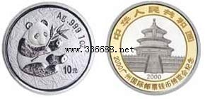 中国人民银行定于10月30日发行广州国际邮票钱币博览会纪念银币的正面图案为北京天坛祈年殿、国名、年号及“2000广州国际邮票钱币博览会纪念”字样,背面图案为大熊猫及面额。这套银币每枚含纯银1盎司,面额10元,共发行40000枚。
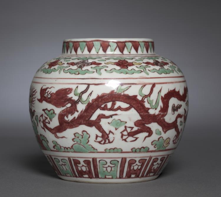The exterior of this jar is ornamented with two rampant five-clawed dragons boldly drawn in rouge de fer. The dragons are in pursuit of the sacred jewel amid cloud scrolls in green and yellow, flanked at the top and bottom with broad registers of cloud scrolls and gadroons. The underfoot is glazed and bears a six-character nianhao in the form of a vertical mark reading "Daming Jiajing nianzhi," enclosed in double rings in underglaze cobalt blue.
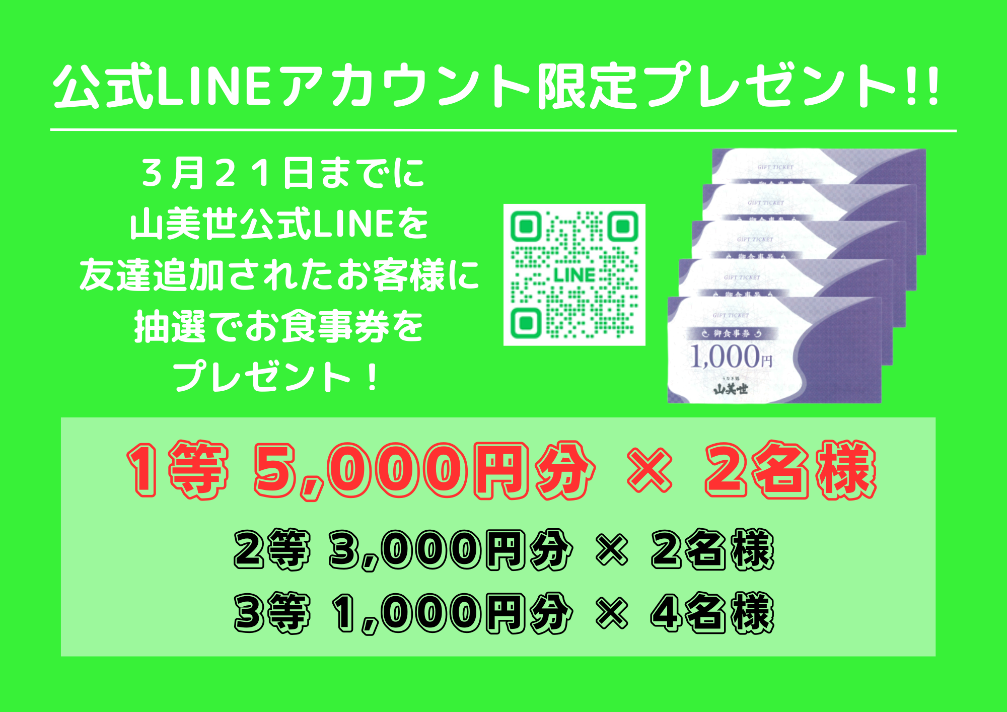 公式LINEお食事券プレゼントA3 | うなぎ処 山美世 - 秘伝のタレと濃縮された鰻の味 -
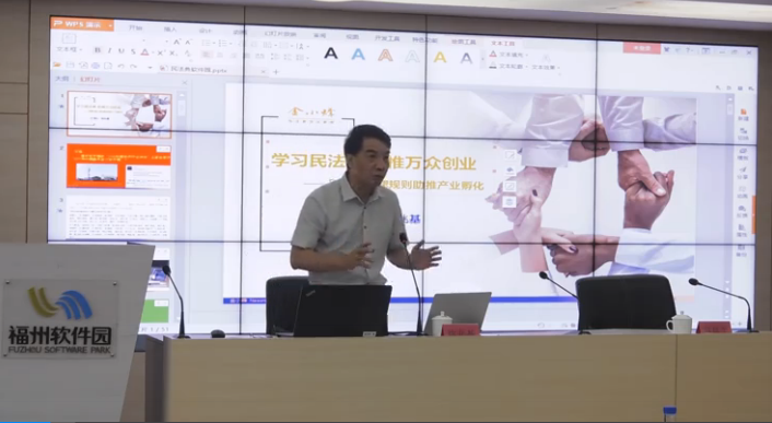 在本次党课上,徐兆基教授从“与时俱进看民法典”“民法原则和民事主体”“灵活运用股权创业的福州案例”三个方面展开,为我们了解颁布实施民法典的重大意义,掌握民法概要、基本原则和民事主体,运用民法典助推产业孵化、指导园区企业创业进行了详细解读,对园区企业熟练掌握市场经济规则、提高竞争力具有很强的现实指导意义,令大家收益颇丰。

# # #

▶ What is needed:
After removing the pictures, transcribe the listing above exactly.

▶ Response to the exercise:
 中国人民银行定于10月30日发行广州国际邮票钱币博览会纪念银币的正面图案为北京天坛祈年殿、国名、年号及“2000广州国际邮票钱币博览会纪念”字样,背面图案为大熊猫及面额。这套银币每枚含纯银1盎司,面额10元,共发行40000枚。
The exterior of this jar is ornamented with two rampant five-clawed dragons boldly drawn in rouge de fer. The dragons are in pursuit of the sacred jewel amid cloud scrolls in green and yellow, flanked at the top and bottom with broad registers of cloud scrolls and gadroons. The underfoot is glazed and bears a six-character nianhao in the form of a vertical mark reading "Daming Jiajing nianzhi," enclosed in double rings in underglaze cobalt blue.
 公式LINEお食事券プレゼントA3 | うなぎ処 山美世 - 秘伝のタレと濃縮された鰻の味 -
 在本次党课上,徐兆基教授从“与时俱进看民法典”“民法原则和民事主体”“灵活运用股权创业的福州案例”三个方面展开,为我们了解颁布实施民法典的重大意义,掌握民法概要、基本原则和民事主体,运用民法典助推产业孵化、指导园区企业创业进行了详细解读,对园区企业熟练掌握市场经济规则、提高竞争力具有很强的现实指导意义,令大家收益颇丰。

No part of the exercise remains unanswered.